A three-year-old saga over a US Army plan to buy more Airbus UH-72A Lakota helicopters opened yet another potentially lengthy chapter after Leonardo filed a new legal challenge just as a federal appellate tribunal rejected the last one.
The latest twist in the legal wrangling puts Airbus’ final assembly plant for the UH-72A in Mississippi at risk, despite funded army plans to 51 more Lakotas after the lawsuits are resolved and up to 113 more in the long-term.
“The last aircraft rolls off of the delivery line February 28,” says Chris Emerson, president of Airbus Helicopters Inc. “After that, we don’t have any work on that line.”
The last delivery represents the 423rd UH-72 assembled at the Columbus, Mississippi factory since 2006, when Airbus began delivering aircraft under the light utility helicopter contract.
The legal challenges started eight years later. In 2014, the US Army announced a plan to buy 155 more UH-72As to supplement the light utility helicopter fleet and take over a new role as a replacement for the Bell Helicopter TH-67 Creek trainer.

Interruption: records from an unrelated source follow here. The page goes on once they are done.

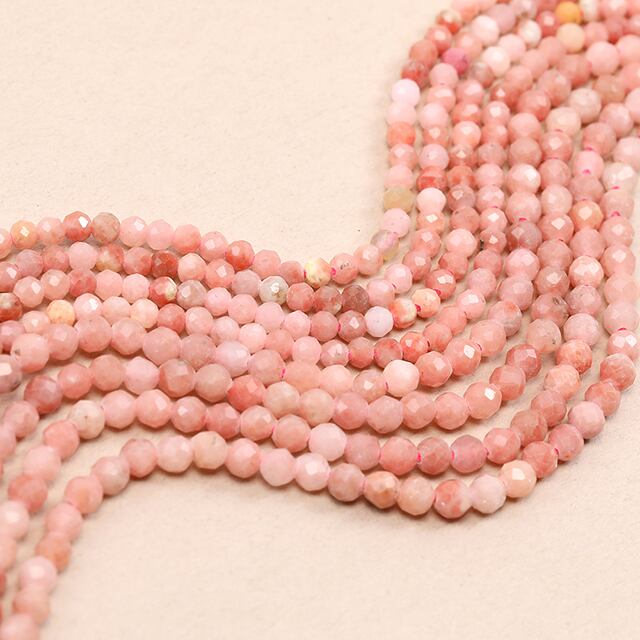 N3058-4mm 天然石ビーズ 連売り ピンクアベンチュリン ラウンドカット 通し穴あり 4mm 1連(約100ヶ) | Beads&parts BASE2号店
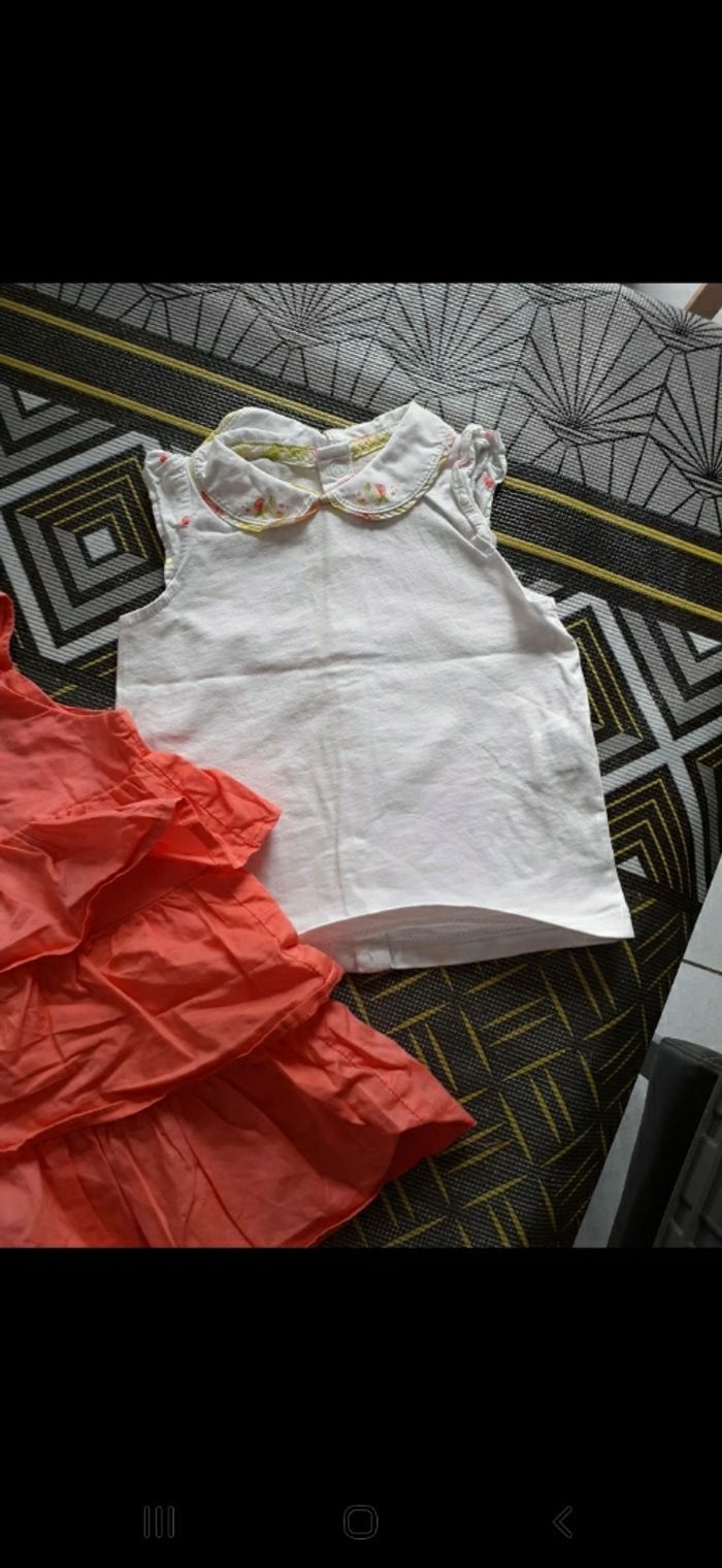 Ensemble fille taille 6 mois Marque sergent major Une robe à bretelle et volants, neuve juste lavé 1 polo très jolie, porté 1 ou 2 fois
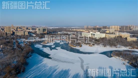俯瞰冬日里的博乐市冰河公园(2023年12月15日摄)。
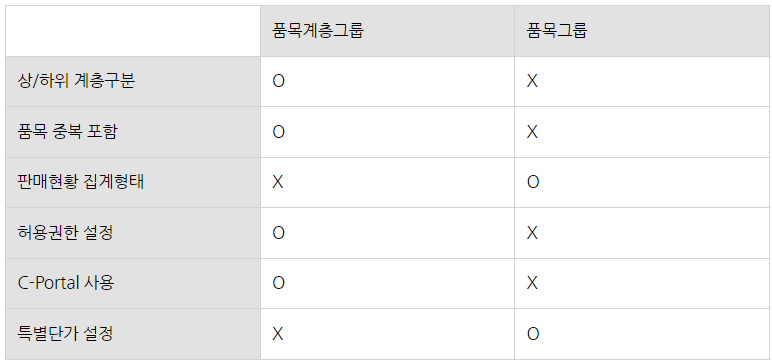 품목그룹계층과 품목그룹에 대해서 잘 비교해 보셨나요?!
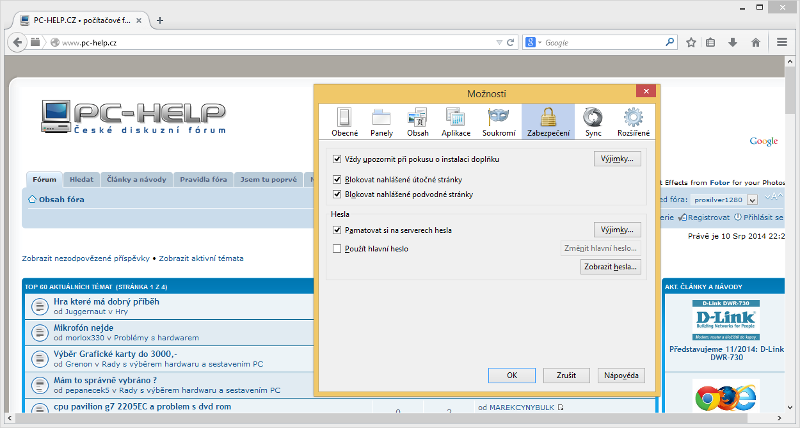 Webové prohlížeče musí nástrahám počítačového podsvětí čelit v první bojové linii. Naštěstí tomu odpovídá zavádění nových a nových bezpečnostních funkcí, ale rezervy se najdou a stále je co zlepšovat. Mozilla Firefox citelně postrádá sandbox, který by izoloval webový prohlížeč a případné hrozby od zbytku systému. Konkurenční Internet Explorer má zbrusu nový sandbox, ale bohužel jen pro uživatele Windows 8.1. Google Chrome tuto ochranu poskytuje veškerým svým uživatelům.
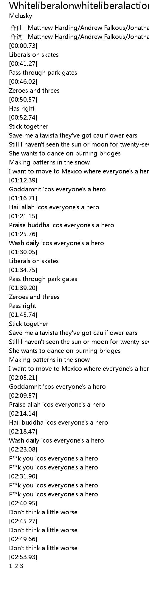 | [02:05.81] | Goddamnit ' cos everyone' s a hero |
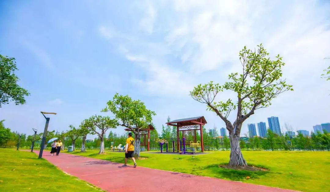 君兰河堤公园经过改造后,驿站、亲水平台、景观亭等设施一应俱全。走在河堤旁一边观赏日落,一边感受大自然的惬意。
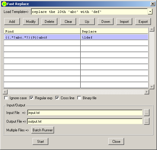 * For both "single file" and "multiple file" fast replace, please refer to Fast Replace Operations for detail.
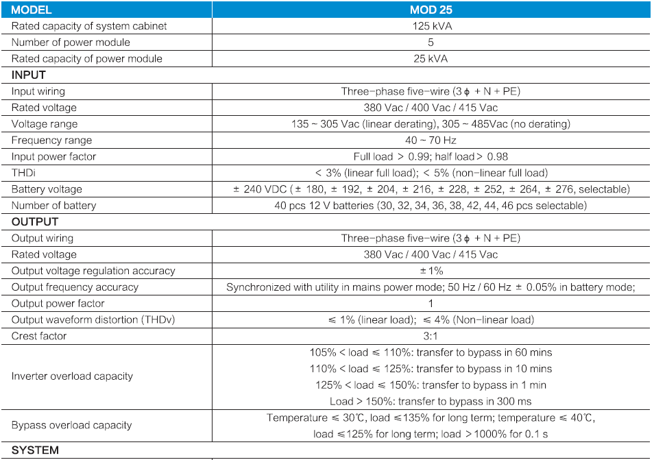 UPS modular 25 series adalah UPS modular kelas atas dengan teknologi kontrol DSP terbaru dan komponen merek terkenal yang paling dapat diandalkan. Ini mengadopsi desain modular yang sangat cerdas, yang utamanya terdiri atas modul daya, modul bypass dan modul kontrol, semua modul mendukung “plug & play” untuk memudahkan perbaikan dan pemeliharaan UPS. Daya dan tingkat redundansi UPS yang tersedia dapat dikembangkan secara vertikal mulai dari 25 kVA / 25 kW sampai dengan 125 kVA / 125 KW dalam satu single power cabinet dengan konfigurasi fleksibel untuk memenuhi berbagai kebutuhan. Berdasarkan kinerja listrik yang unggul, fungsi perlindungan perangkat keras dan perangkat lunak yang sempurna, UPS modular 25 series dapat beradaptasi dengan lingkungan jaringan yang berbeda dan memberikan perlindungan maksimum dan daya berkualitas tinggi untuk beban penting di data center atau aplikasi penting lainnya.
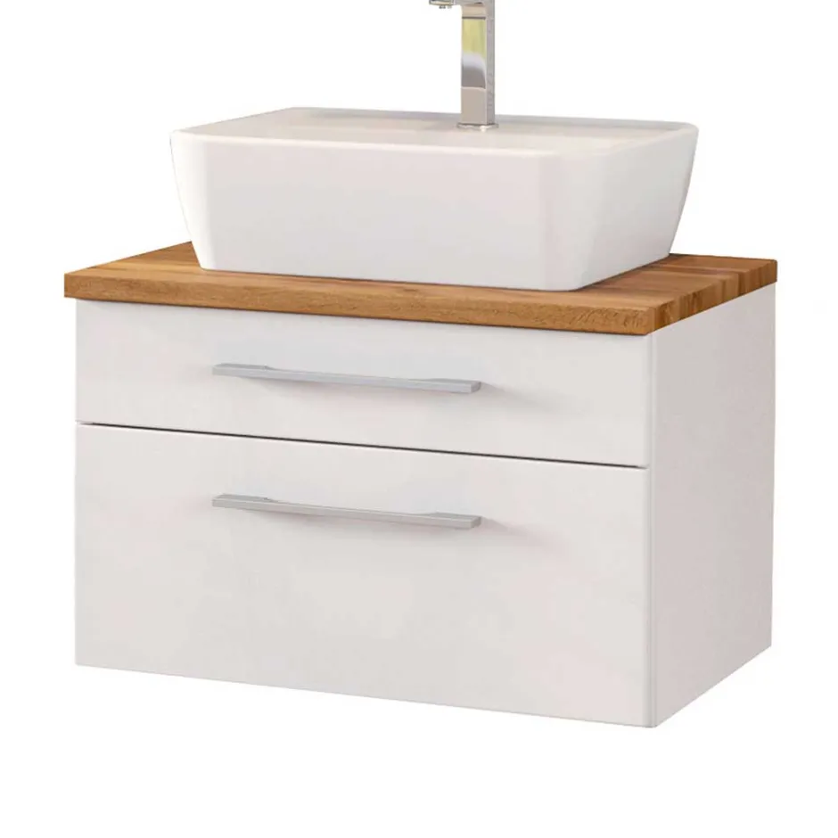 - Klasse Badmöbel Set in Weiß und Wildeichefarben
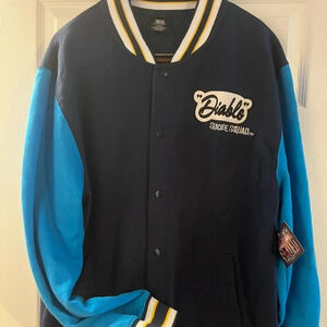 Suicide squad, movie Diablo snap jacket men’s extra large tall DC comics Warner bros varsity bomber navy , blue sleeves new with tags

Leonardo objected to the 2014 plan on the grounds that the army was expanding the purchase beyond the requirement for light utility helicopters without holding a full and open competition. Leonardo also believes that the army should have opened the LUH contract to competitive bids after the 10-year term of the original contract expired in 2016.
Despite those objections, the army issued a justification for a sole-source deal to Airbus in 2014 for 16 more UH-72As, the maximum authorized under the original LUH contract.
The US arm of the Italian manufacturer filed a lawsuit in the Court of Federal Claims in 2014 over the army’s original decision to bypass a competition. That court agreed with Leonardo’s position a year later, sending the proceedings to an appellate court while the acquisition stalled.
Meanwhile, the army notified the court last May that it had downgraded its plan to buy 155 UH-72As ultimately to 97. With the judgment from the appellate court still pending, the army issued a new justification for a sole source contract to Airbus in late December to buy an initial batch of up to 35 UH-72As.
In early January, Leonardo filed a new lawsuit in the Court of Federal Claims to block the new sole-source contract for 35 UH-72As from moving forward. A week later, the appeals court reversed the Court of Federal Claims decision on the army’s plan to buy the first 16 UH-72As, saying the army was justified to issue a sole source contract.
Both contracts now are tied up under the new lawsuit. The army has stopped communicating with Airbus on the plan to buy 16 UH-72As until the lawsuit over the contract for 35 Lakotas is resolved, Emerson says.
On 26 January, the judge in the court of federal claims said she’ll make a decision on whether to allow Leonardo’s new lawsuit to move forward by mid-April, Emerson says.